Resolution Trust Corp. v. First of America Bank

796 F. Supp. 1333, 92 Daily Journal DAR 11540, 1992 U.S. Dist. LEXIS 12302, 1992 WL 203146
CourtDistrict Court, C.D. California
DecidedJuly 31, 1992
DocketSACV 92-244-GLT
StatusPublished
Cited by9 cases

This text of 796 F. Supp. 1333 (Resolution Trust Corp. v. First of America Bank) is published on Counsel Stack Legal Research, covering District Court, C.D. California primary law. Counsel Stack provides free access to over 12 million legal documents including statutes, case law, regulations, and constitutions.

Bluebook
Resolution Trust Corp. v. First of America Bank, 796 F. Supp. 1333, 92 Daily Journal DAR 11540, 1992 U.S. Dist. LEXIS 12302, 1992 WL 203146 (C.D. Cal. 1992).

Opinion

ORDER DISMISSING PARTY FOR LACK OF JURISDICTION

TAYLOR, District Judge.

This case presents the novel question whether personal jurisdiction exists over a non-forum bank which participated in transactions with a forum bank through a national electronic fund clearinghouse system. The court concludes this is an insufficient “minimum contact,” and dismisses the non-forum bank for lack of jurisdiction.

I. BACKGROUND

Defendant First of America Bank is located in Kalamazoo, Michigan, and has no California offices, branches, employees or property. Further, it is not registered to do business in California, does not solicit customers in California, and does not maintain any correspondent banking relationship with any California financial institution. Less than one percent of its accounts are those of California residents.

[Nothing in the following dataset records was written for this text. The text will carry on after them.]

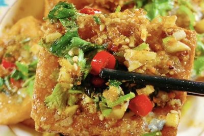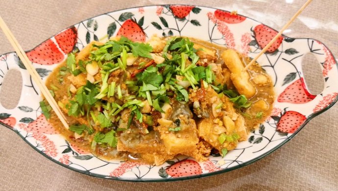 臭豆腐适量,食用油适量,生抽,耗油,麻酱适量,豆腐,芝麻,香菜,蒜末,葱末,糖,胡椒,孜然,辣椒面
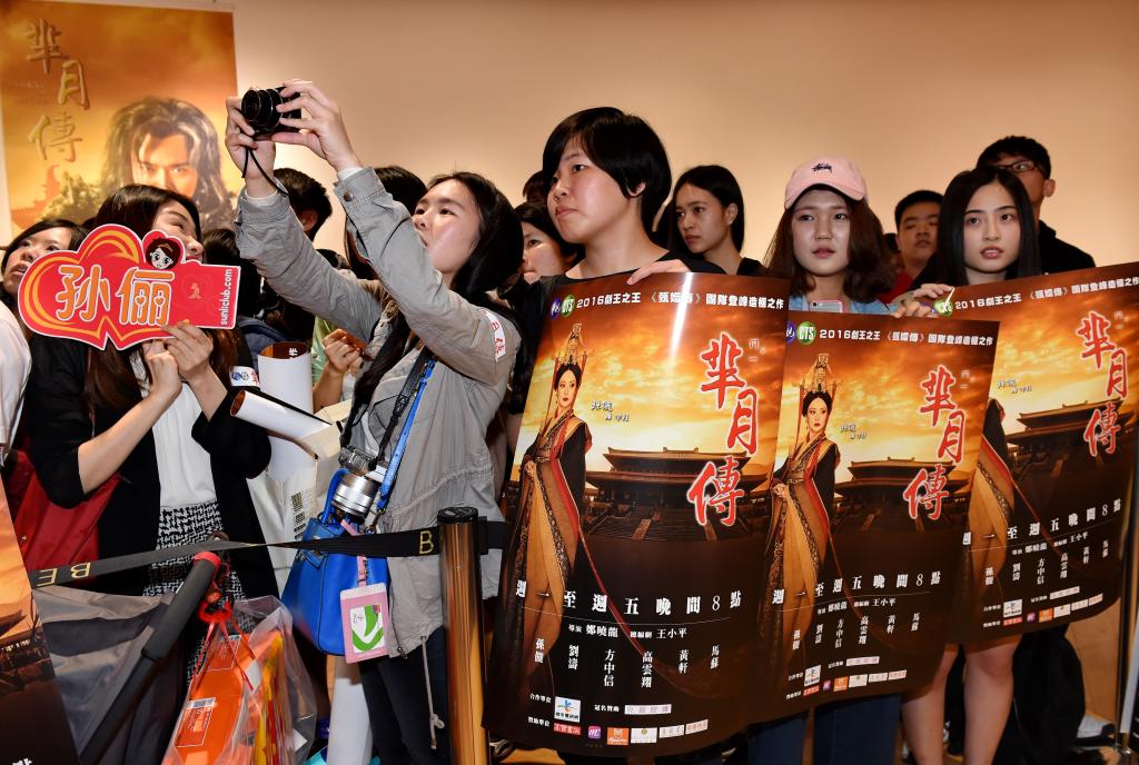 2016年4月7日,台湾粉丝在《芈月传》宣传现场助威。新华社记者 张国俊 摄
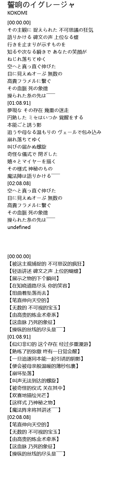 | [00:28.05] | 語りかける 碑文の声 上位なる蝶 |
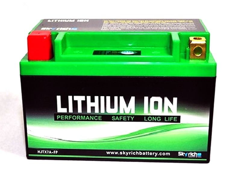 Batería litio Skyrich HJTX7A-FP. La batería de litio para moto Skyrich HJTX7A-FP está diseñada con la mejor tecnología del momento. No es de extrañar que fabricantes de primer nivel como son Ktm, Husqvarna y Ducati las utilicen como equipamiento de serie en algunos de sus modelos de moto. Skyrich diseña y fabrica baterías con tecnología propia patentada, ofreciendo un producto muy seguro, que no contamina y con una potencia superior a la de las baterías convencionales.
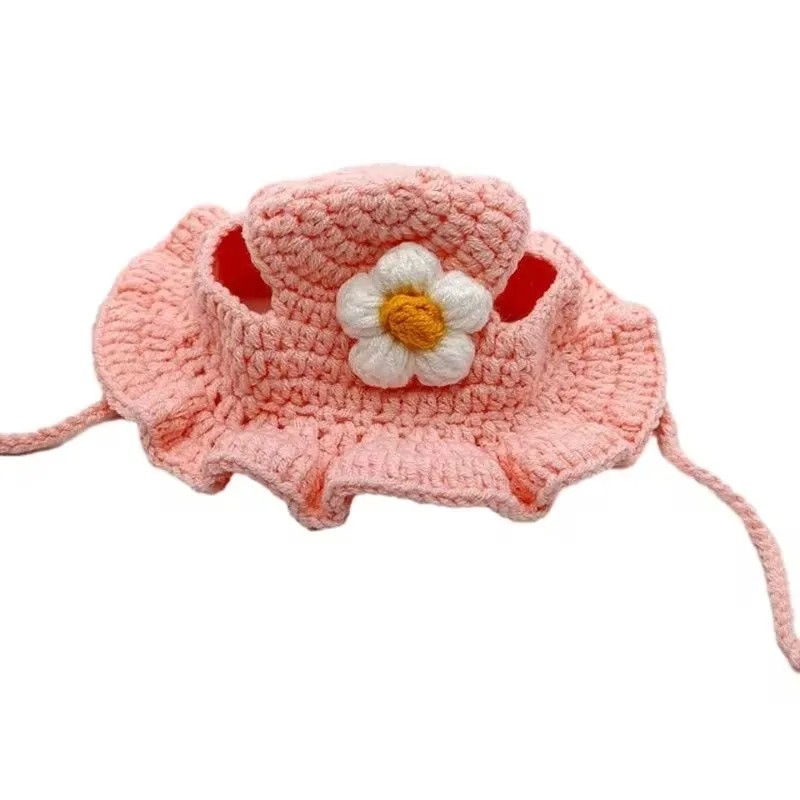Ten stylowy szydełkowany kapelusz z kwiatową ozdobą jest zaprojektowany dla kotów i innych zwierząt domowych o wadze do 7,5 kg. Jest idealny na uroczystości, do zdjęć lub jako zabawny dodatek modowy do codziennego noszenia.

First of America was involved in a fund transfer arrangement with the Malibu Savings Bank of California. Malibu Savings Bank transferred funds, at the request of clients, to First of America Bank in Michigan. Malibu Savings Bank later learned it had transferred too much, and its clients owed it money. Malibu Savings Bank attempted to debit the clients’ accounts at First of America, but First of America refused to pay the electronic debit sent by Malibu Savings Bank.

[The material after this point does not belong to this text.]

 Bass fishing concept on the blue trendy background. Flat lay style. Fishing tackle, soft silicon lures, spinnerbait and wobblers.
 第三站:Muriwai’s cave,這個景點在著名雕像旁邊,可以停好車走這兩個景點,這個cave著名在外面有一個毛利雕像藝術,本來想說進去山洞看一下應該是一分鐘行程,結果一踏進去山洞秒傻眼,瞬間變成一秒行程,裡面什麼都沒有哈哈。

All of the claims against First of America relate to its involvement in the National Automated Clearing House Association (“NACHA”), a nation-wide electronics payment system used by participating financial institutions. NACHA attempts to establish operating rules to control, govern, and regulate electronic fund transfers 1 between banks, and between banks and consumers.

The complaint, brought by the Resolution Trust Corporation as receiver for Malibu *1335 Savings Bank, alleges that First of America breached its contractual obligation under the NACHA rules, converted money received from Malibu Savings Bank, negligently and fraudulently breached the NACHA rules, and conspired to commit those acts. First of America Bank asserts that “minimum contacts” are lacking for this court to exercise jurisdiction, or, in the alternative, that venue should be changed. This court concludes that jurisdiction is lacking.

II. ANALYSIS

A federal court in a diversity action may exercise personal jurisdiction over a nonresident defendant only to the extent permitted by the long-arm statute of the forum state. Fed.R.Civ.P. 4(e). California’s long-arm statute authorizes the exercise of jurisdiction “on any basis not inconsistent with the Constitution of this state or of the United States.” California Code of Civil Procedure § 410.10.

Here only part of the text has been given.